People are capable of amazing things, no matter their age. Case in point: six older adults were recently honored as New England UnitedHealthcare Champions™ for their incredible efforts to serve their communities.
Whether it’s helping their neighbors get the care they need or helping run a local food pantry, the work and impact of these Champions will continue for years to come. To recognize their extraordinary achievements, UnitedHealthcare made donations to local charities in each of their names and honored each of them at a recent event in Boston.

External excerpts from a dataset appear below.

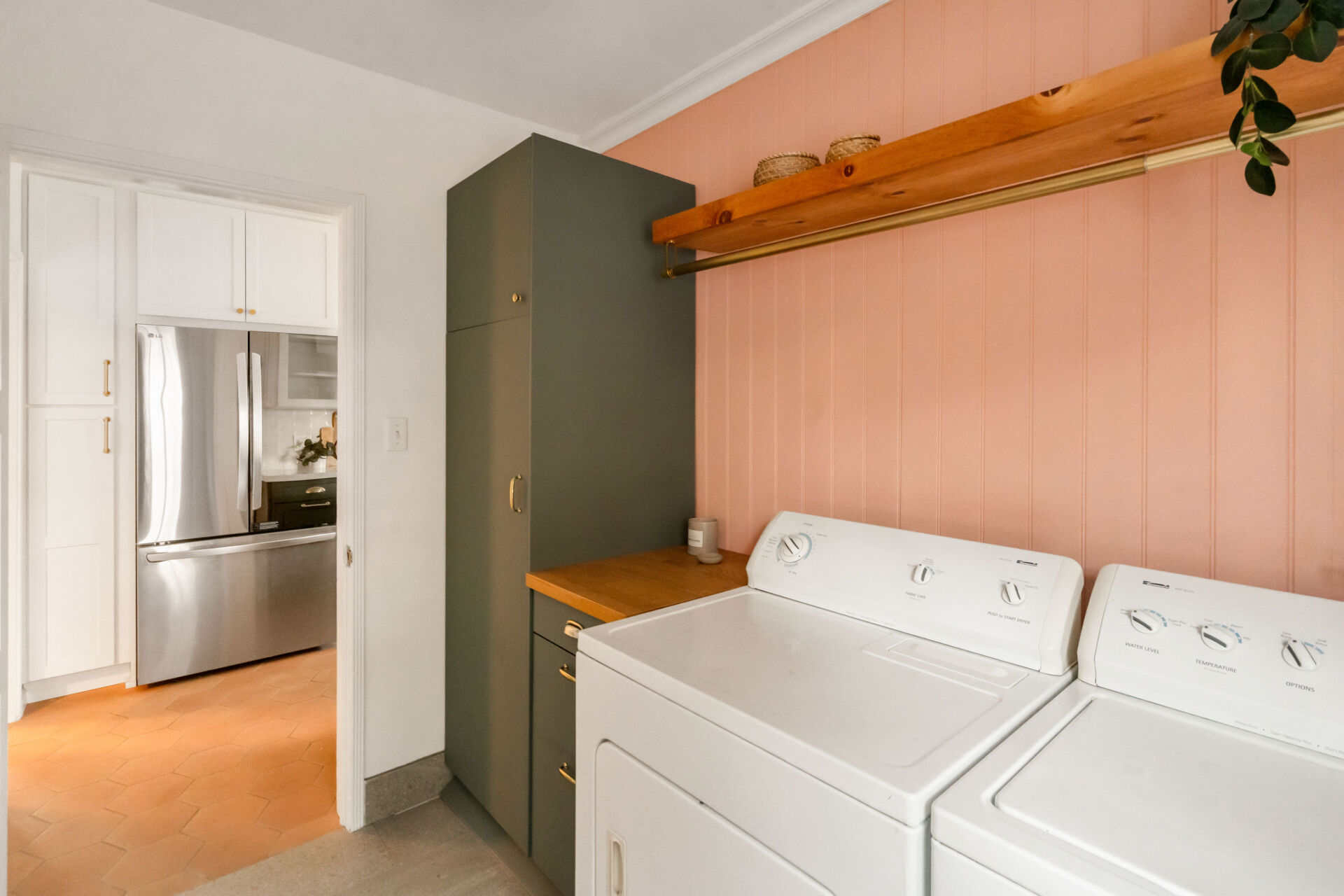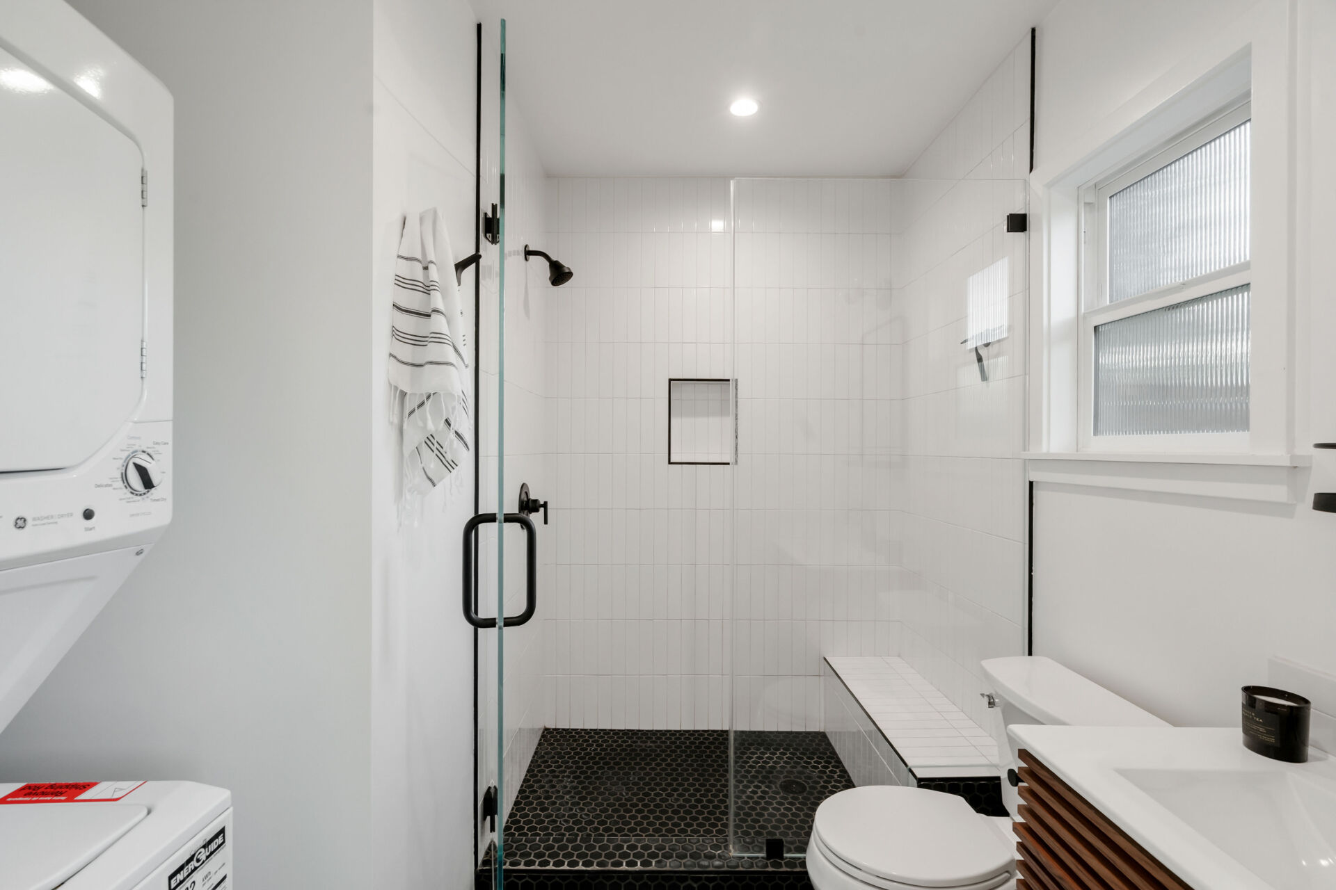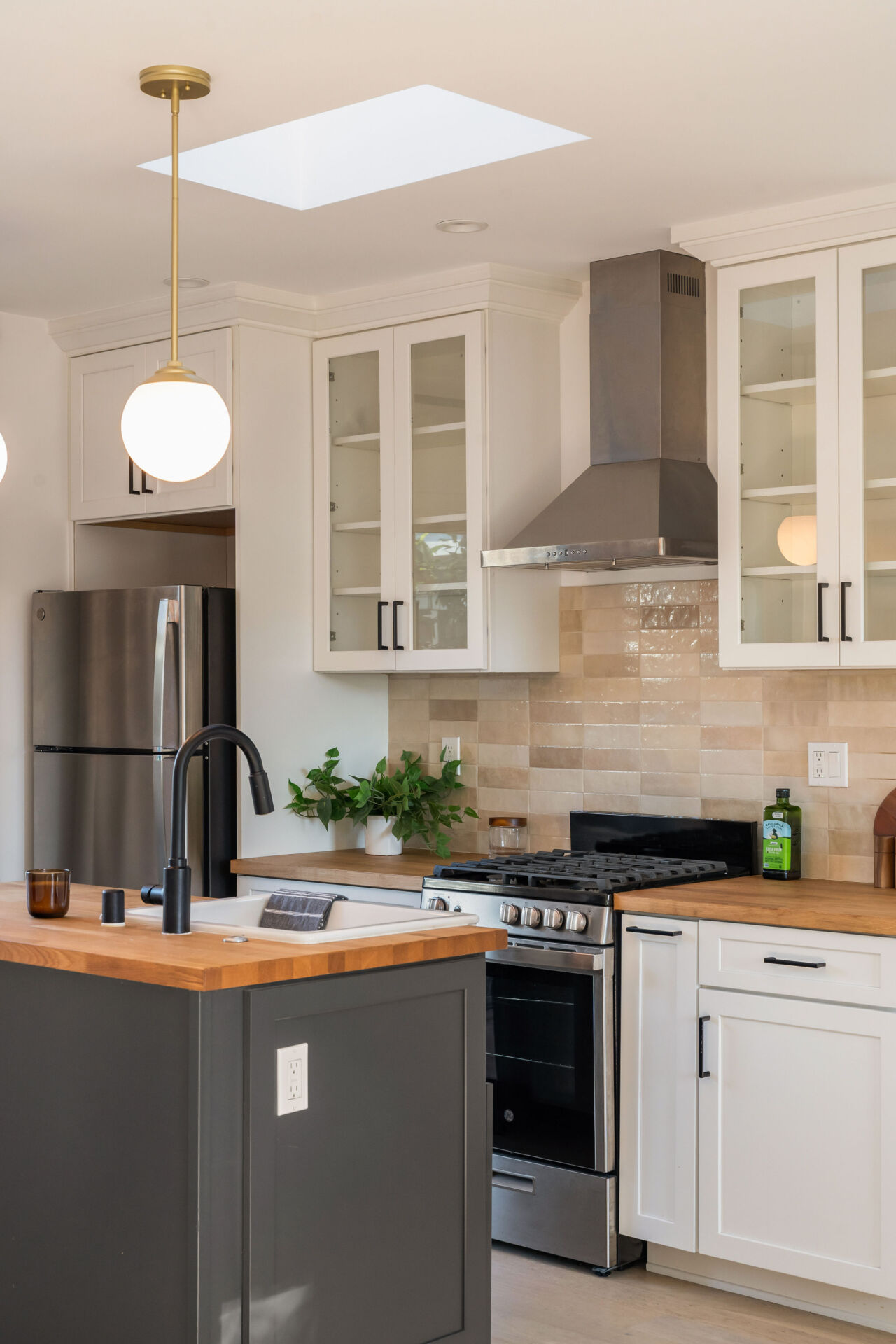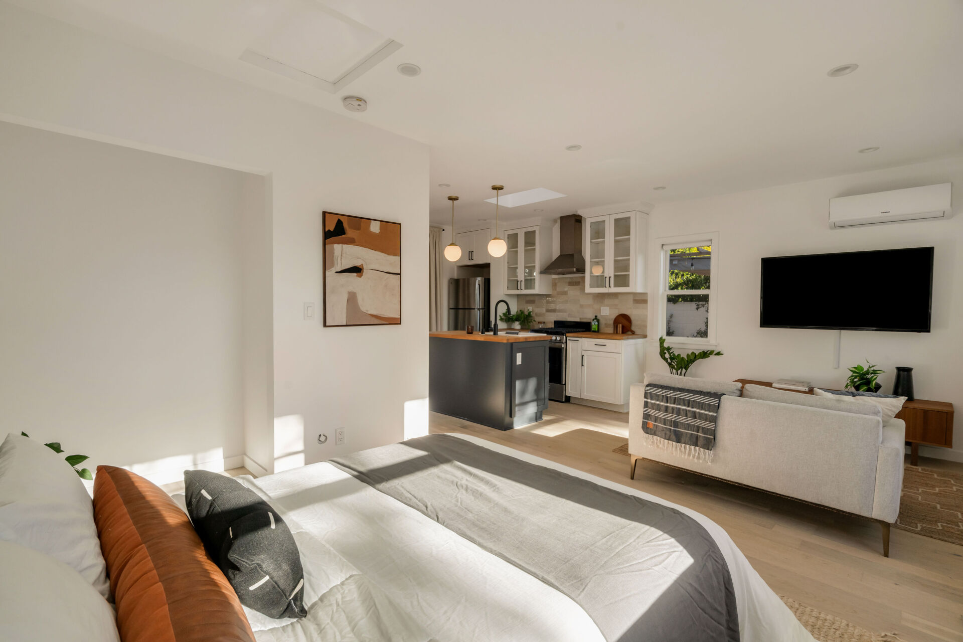 The permitted ADU, formerly the garage, is complete with engineered hardwood floors, West Elm lighting, butcher block kitchen featuring new cabinetry, matte black hardware, stainless steel appliances, plus new bathroom featuring walnut vanity, black hex tile shower and condo-size w/d.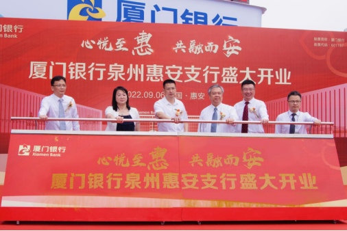 2022年9月6日,廈門銀行泉州惠安支行正式開業(yè),成為廈門銀行在泉州地區(qū)的第9家支行,將為惠安經(jīng)濟社會發(fā)展提供更加優(yōu)質(zhì)便捷的金融服務(wù)。開業(yè)當日,廈門銀行行長吳昕灝,惠安縣縣長莊稼祥、惠安縣螺城鎮(zhèn)鎮(zhèn)長蔡明霞、縣直有關(guān)部門、縣屬國有企業(yè)主要負責人,泉州分行行長洪堯文、泉州分行黨委書記林志宏等領(lǐng)導出席開業(yè)典禮。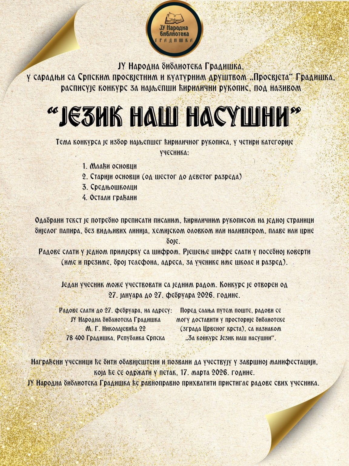 Svi zainteresovani iz cijele Republike Srpske radove mogu slati na adresu Mitropolita Georgija Nikolajeviča 22, 78400 Gradiška ili lično dostaviti u prostorije biblioteke. Završna manifestacija, biće održana u petak 17. marta 2026. godine u prostorijama biblioteke.
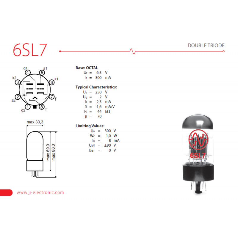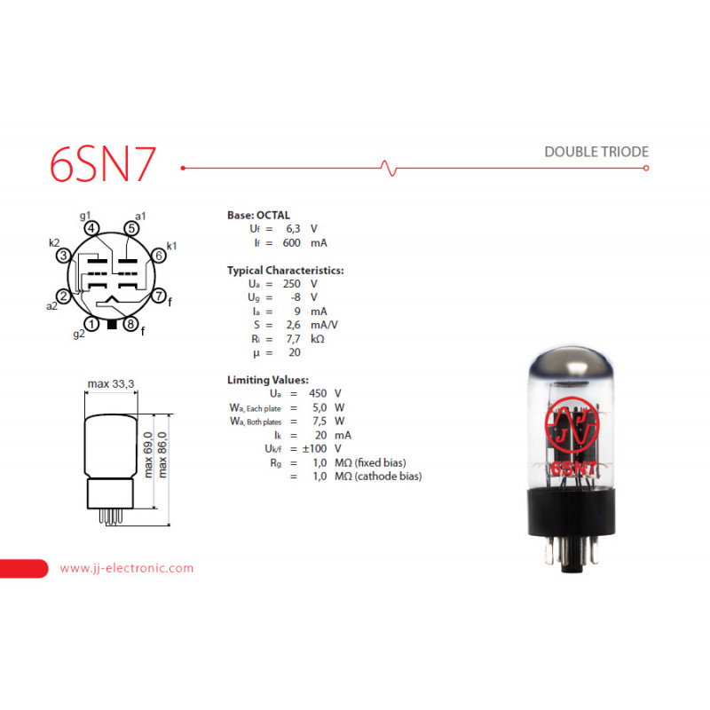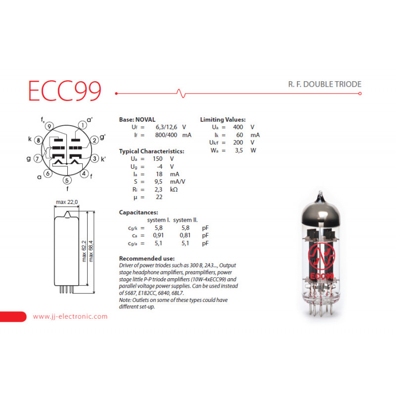 ECC82 is 12AU7 medium gain pre-amplifying double triode. Provides a very smooth sound with well-defined tones suitable for audio and guitar amplifiers.

“Too often we as a society think of retirement age as the end game. I think of it as the beginning of something new – new opportunities to contribute to our neighbors and communities, friendships, growing families and grandchildren, and much more,” said Mary Snyder, CEO, UnitedHealthcare Medicare & Retirement of New England. “At UnitedHealthcare, we launched our new Champions program to start to shift that perception, and we couldn’t be more honored to celebrate our six Champions.”
Here are their stories:
Gayle Hays (Bailey Island, Maine): As the COVID-19 vaccines first became available in Maine, Gayle volunteered to administer the vaccine to those who were eligible at a location sponsored by Mid-Coast Hospital, where she had worked for more than 20 years. Gayle became concerned that many older adults in the community could not access computers or had limited technology skills and would have difficulty registering for the vaccine at the correct location. She immediately launched an effort to provide information to community members on how to sign up for the vaccine and where to get them. Thanks to Gayle's efforts, and the program she created, numerous members of her community received their first COVID-19 vaccination.
“It is an honor to be a UnitedHealthcare Champion knowing that as an older adult, I am still a productive member of our society and still have the capability, as many older people do, to volunteer in arenas to support others,” said Gayle Hays. “Helping others to stay active and engaged to maintain body and mind as well as combat isolation that can lead to health issues is one of my passions.”
Patricia Vampatella (New Gloucester, Maine): Patricia is a strong advocate for older adults. Since resuming board chair duties at SeniorsPlus, she has completely reorganized and rewritten the board manual, overseen the strategic planning process, rebuilt the board recruitment process and instituted board education and enrichment as a key activity at each board meeting. She is enthusiastic and generous in her work as an ambassador for SeniorsPlus and its programs.
Mary Ellen Davis Rock (Jaffrey, New Hampshire): Mary Ellen was a social worker for many years prior to her retirement. And for the past five years, Mary Ellen has devoted her time to help run the Saint Joseph Hospital Employee Food Pantry. The pantry is unique as it is an organizational program designed to help 1,500+ employees, volunteers and Saint Joseph School of Nursing students. Mary Ellen works to make sure each person who walks through the door feels like they are family. Her warm and loving spirit is evident to every person she meets.
Dianne Davis (Hamden, Connecticut): After retiring from the Yale Adler Geriatric Assessment Center where she served as geriatric case manager, Dianne's work in the field continues. She is committed to outreach in diverse populations about the signs of Alzheimer's and the resources available. She focuses on sharing the Alzheimer's Association’s “10 ways to love your brain,” in the hopes of improving the health of everyone she meets, including those in underserved communities. At least once a week she visits churches, community and senior centers to provide education about diet, exercise and the importance of diversity in clinical trials.
Cy O’Neill (Pawtucket, Rhode Island): Cy skillfully and tirelessly led the development of the first Village in Rhode Island (the Providence Village) — a community of mutual support to fundamentally enhance and change the experience of growing older. The Village includes members and volunteers, who help one another with things like rides to appointments, household chores, snow removal and more. Cy continues to collaborate with others to start additional Villages within Rhode Island.
Paul Willenbrock (Beverly, Massachusetts): Inspired by his daughter, who has intellectual disabilities and autism, Paul helped pass monumental legislation to prevent abuse of those with intellectual and developmental disabilities through his dedicated advocacy at the Massachusetts State House. He provided testimony and walked the halls of the State House speaking about the need to protect individuals who cannot protect themselves. Paul worked with his state senator and representative to cultivate champions who, in turn, helped make sure this bill became law.
“It was wonderful being recognized by UnitedHealthcare as a Champion for the work I am doing during my years as a senior citizen that benefits the community,” said Paul Willenbrock. “My volunteer activity focuses on advocating for laws and services which increase safety and enjoyment of life for people living with a developmental disability.”
Nominees were not required to be UnitedHealthcare members. The event itself took place at Gillette Stadium where the Champions were honored by the Selection Committee, which included Heisman Trophy winner and former NFL star Doug Flutie and AARP Foundation President Lisa Marsh-Ryerson.